In a video filmed in the 69-year-old's home library, Limbaugh reaffirmed his support for Trump just moments before Barrett's Supreme Court confirmation.

“Hey, folks, sitting here in the library getting ready to watch the confirmation vote — Amy Coney Barrett, Supreme Court — and it just reminds me: Folks, we don't have a choice in this election," Limbaugh began. “It's got to be Donald Trump."

Limbaugh pointed out that the 2020 presidential election is especially important because the Democratic Party simply isn't what it used to be.
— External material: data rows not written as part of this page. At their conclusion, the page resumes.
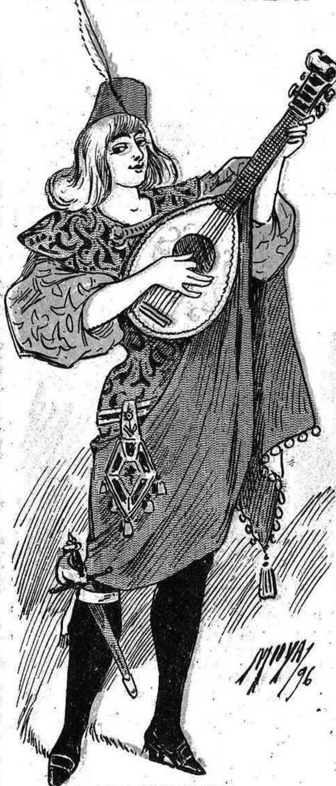
LA FLORENTINA, corista de Apolo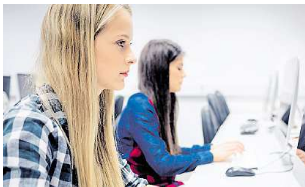
Studenti by neměli podceňovat možnost stáží.

V některých oborech, například v IT, překračují nástupní mzdy i 40 tisíc korun, běžně dosahují i mimo Prahu 30 tisíc korun. „Dobrou zprávou přitom je, že rozdíl mezi mzdami absolventů technických a humanitních škol již nejsou tak dramatic-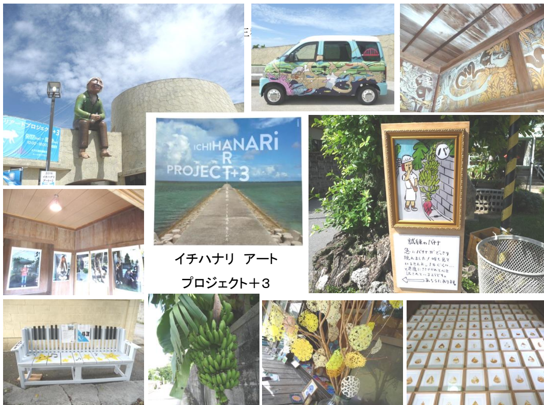
イチハナリ アート プロジェクト+3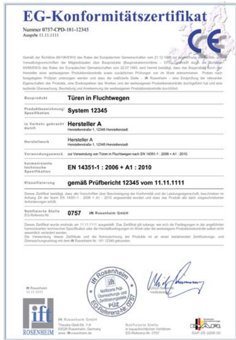
Bild 3 Muster eines EG-Konformitätszertifikat Fluchttür gemäß EN 14351-1

dass die Türen auch bei langjähriger Produktion die ausgewiesenen Eigenschaften aufweisen, die durch die Prüfung der ursprünglichen Tür nachgewiesen wurden.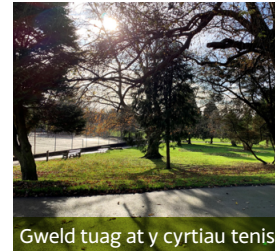
Gweld tuag at y cyrtiau tennis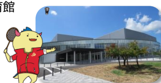
@越前市アイシンスポーツアリーナ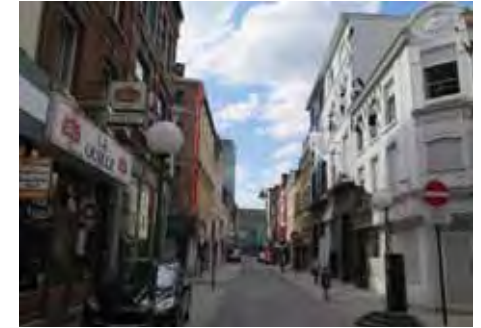
Et aujourd'hui : à droite, le Vecteur

La rénovation (2004 - 2008) a été conduite par l'architecte Jean-Michel Autenne. Les espaces intérieurs ont été repensés en fonction de la nouvelle affectation : accueil, exposition, projection... Les façades se signalent par une fresque géante inspirée des techniques de camouflage pour bateaux de guerre, détournées ici symboliquement pour créer un point de repère urbain (dans le cadre de Couleur carolo en 2011, projet Réservoir A, Harrisson, G. Leroy, F. Plateus).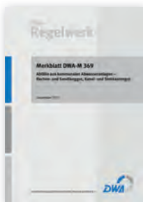
Merkblatt DWA-M 369

Mai 2012 48 Seiten, A4 ISBN 978-3-942964-29-6 52,00 €*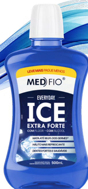
10.0039 Enxaguante Bucal Ice Extra Forte 500ml CX: 12

Promovendo uma refrescância duradoura, o Enxaguante Bucal Ação Mint ajuda a manter a boca limpa, protegida e livre do mau hálito. Sua fórmula sem álcool auxilia na prevenção de tártaro e cáries, enquanto elimina até 99,9% dos germes que comprometem a saúde bucal.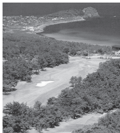
芥屋ゴルフ倶楽部/イメージ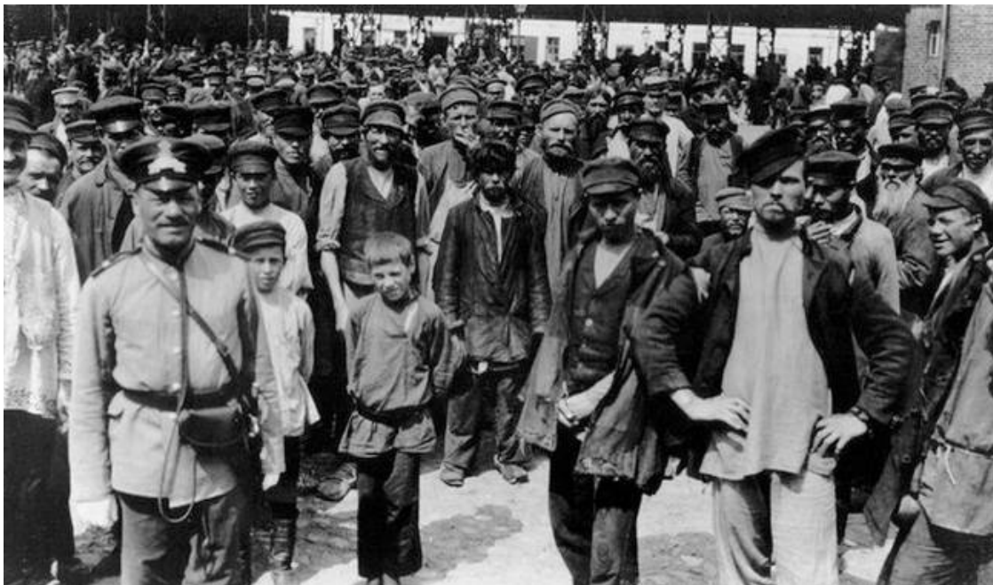
Питерские рабочие, дети-подростки и урядник начала XX века

на фабрику, но работал я там не долго – приехал из Питера родственник и увез меня с собой, чтобы пристроить в мальчишки к какому-нибудь торговцу.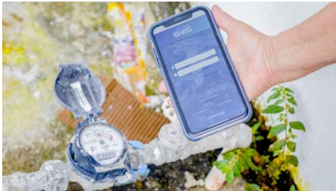
Leitura com uso do aplicativo do Saeg; sistema abre condição para famílias com dívidas no forçamento

Promovido pelo Saeg pelo quarto ano consecutivo, o Feirão Junino de Débitos será realizado a partir da próxima segunda-feira (17) até o dia 28. A expectativa da direção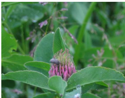
Bilde 3. Kløvergnager

temperaturavhengig som innflyginga av rødkløversnutebiller. Ganske ofte blir det observert kokonger (parasitterte pupper) av kløvergnager ved rensing av norske rødkløverpartier, og noen frøavlere har funnet det voksne skadedyret på frøtørka. Alt i alt antar vi derfor at kløvergnager gjør vel så stor skade som rødkløversnutebillene i frøavlsdistriktene sør for Oslo. Forekomsten er likevel nokså sporadisk, med flest funn hos bestemte frøavlere i Østfold og Telemark. I Hedmark har det ikke vært funnet kløvergnager.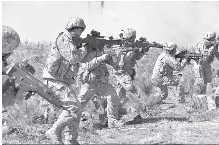
Латвийские и итальянские военные пошли в наступление.

12 апреля в лесах Вабольской волости звучали выстрелы и взрывались учебные дымовые гранаты. Это была одна из совместных операций по военному обучению «Claymore Soaring» боевой группы расширенного присутствия НАТО в Латвии, которую посетили гости – партнеры по сотрудничеству из Латвийской армии и прессы.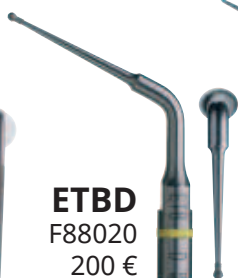
ETBD F88020 200 €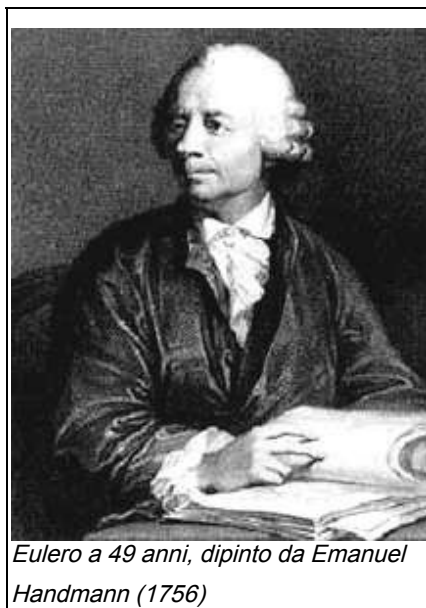
Eulero a 49 anni, dipinto da Emanuel Handmann (1756)

La pubblicazione degli scritti di Fermat aveva generato tra i matematici opinioni contrastanti. La maggior parte ne riconosceva l'utilità ma il fatto che la maggior parte dei teoremi fosse senza dimostrazione o con dimostrazioni incomplete ovviamente ne riduceva l'utilità immediata anche se alcuni matematici presero i teoremi come delle sfide da affrontare e vincere. Molti furono affrontati e risolti ma quello che in seguito sarebbe stato chiamato l'ultimo teorema resisteva a qualsiasi tentativo di assalto. I primi risultati li ottenne Leonhard Euler un secolo dopo Fermat. Euler (in Italia noto come Eulero) era un matematico svizzero nato nel 1707 a Basilea e morto nel 1783 a San Pietroburgo. Inizialmente Euler doveva diventare un teologo ma Johann Bernoulli si rese conto delle straordinarie capacità del ragazzo e convinse il padre a far diventare Leonhard un matematico. Questa fu un'enorme fortuna per la matematica dato che i contributi di Euler spaziano in talmente tante aree della matematica e sono talmente profondi da rendere Euler uno dei maggiori matematici del XIX secolo se non addirittura il maggiore. Euler analizzando

“We're not going to have the kind of country everybody thinks we're going to have," he predicted. "This is not the old 'Republicans versus Democrats,' where we all have the same objectives, just different philosophies on how to get there. They do not have those objectives any more. Their purpose is to erase the Constitution, start over rewriting it, eliminating the concept of 'The citizen has rights which prevail over government.'"

Limbaugh continued, pointing out that the notion is frightening at best. “It's serious, and it's scary, and we don't have a choice," he insisted. "You have to get out there and vote Trump."
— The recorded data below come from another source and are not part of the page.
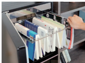
2 本の中央辺りのページを開き ハンガーに掛けます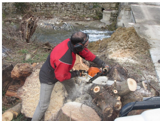
Démontage de l'arbre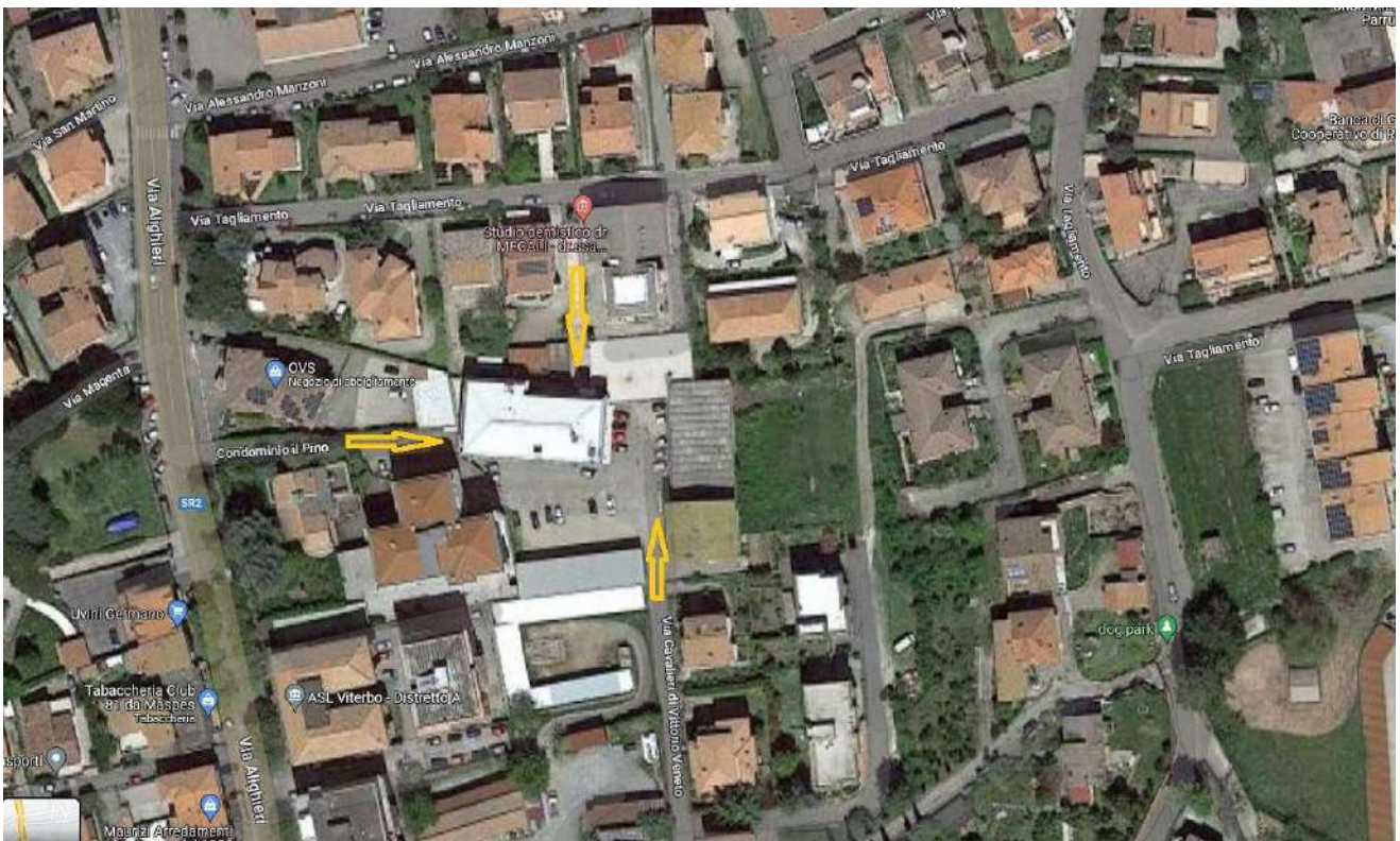
Foto 2 – Aereofotogrammetria con individuazione delle vie d'accesso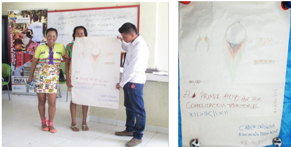
Ilustración 12 Fotografías exposición grupo NEKA

Antes de que consolidación llegara nosotras no sabíamos trabajar muy bien, y a través de esto, pudimos conocer mucho, tenernos muchos tejidos, pero no la estrategia de venir a mejorar los tejidos, ahora con los talleres y otras actividades tenemos mejores tejidos.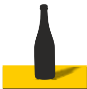
BOTTIGLIA 33 CL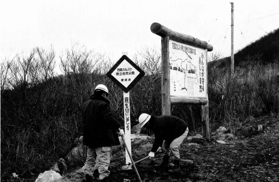
西谷、八釜地区自然保護看板設置 昭和49年4月2日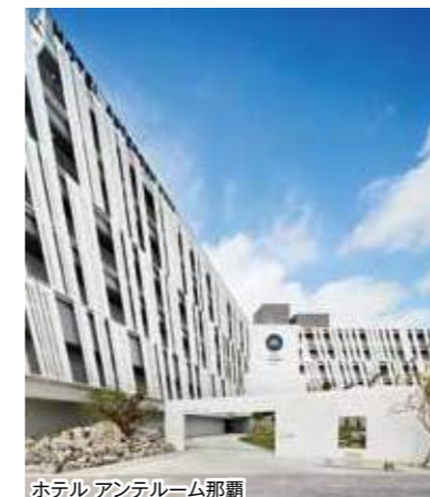
ホテル アンテルーム那覇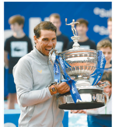
Nadal essaiera de remporter un onzième trophée à Roland-Garros au mois de juin.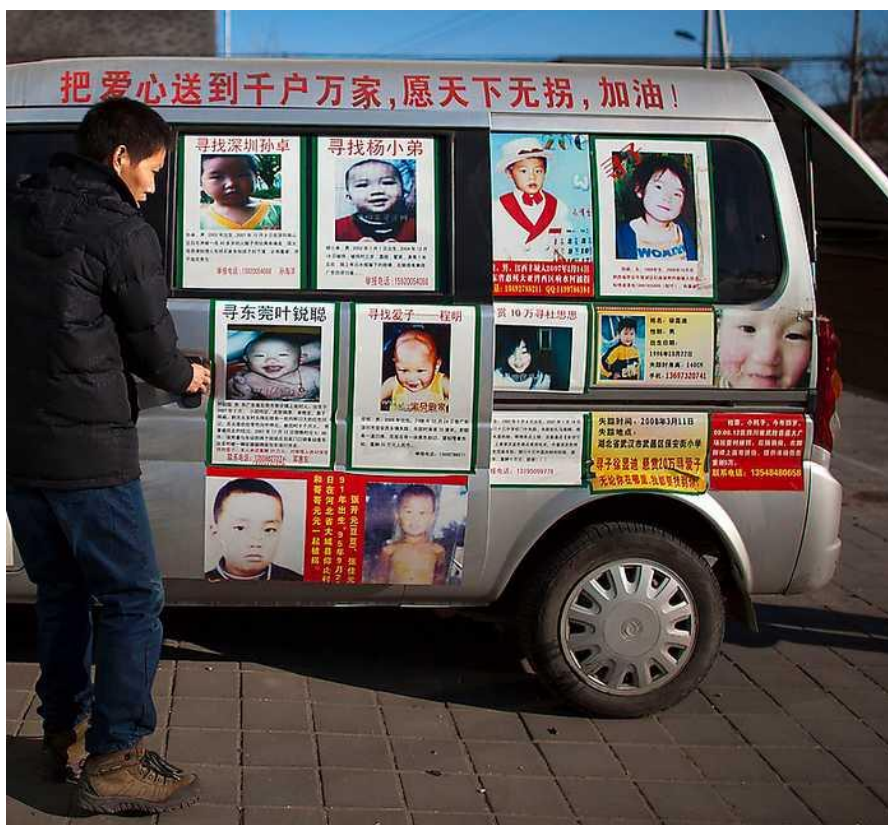
Kinesiska föräldrar efterlyser sina bortrövade barn på en ambulering skåpbil. 22

På senare tid har man börjat tala om de stulna adoptivbarnen från Chile. 20 Samt även de stulna barnen från Kina. 21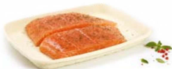
Réf.: OP 4 SK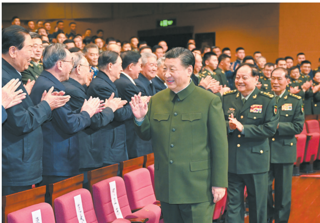
1月29日下午，中央军委慰问驻京部队老干部迎新春文艺演出在京举行。中共中央总书记、国家主席、中央军委主席习近平观看演出，向在座的军队老同志和全军离退休老干部致以节日问候和新春祝福。

新华社北京1月30日电（记者梅常伟）中央军委慰问驻京部队老干部迎新春文艺演出29日在京举行。中共中央总书记、国家主席、中央军委主席习近平观看演出，向在座的军队老同志和全军离退休老干部致以节日问候和新春祝福。战歌嘹亮迎新春，强军奋进新征程。中华民族传统节日春节即将到来之际，为建立、保卫、建设新中国，为国防和军队建设作出突出贡献的驻京部队老干部在中国剧院欢聚一堂，喜迎新春佳节。下午4时许，习近平来到老同志中间，全场响起热烈掌声。习近平亲切询问他们的身体和生活情况，共同回顾在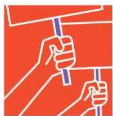
Права на човека

Надлежната проверка има за цел да се справи с нежелани въздействия, свързани със следните глави от Насоките на ОИСР за многонационалните предприятия: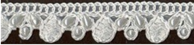
887197---01 BLANCO 505 2.2

Limbaugh added, "It's got to be Trump ... we've got to be America."

Your Real Anchorman live from home library. https://t.co/XMtCQohgNf
— Rush H. Limbaugh (@Rush H. Limbaugh)1603756205.0

What else?

Following his admission that his lung cancer has taken a turn for the worse, the conservative commentator pointed out that he's heavily relying on his Christian faith to endure until it's time to go home.

"I have a personal relationship with Jesus Christ," the host said during last week's broadcast. "It is of immense value, strength, confidence. And that's why I'm able to remain fully committed to the idea that what is supposed to happen will happen when it's meant to."

"There's some comfort in knowing that some things are not in our hands," Limbaugh added. "There's a lot of fear associated with that, too. But there is some comfort. It's helpful to be able to trust and to believe in a higher plan."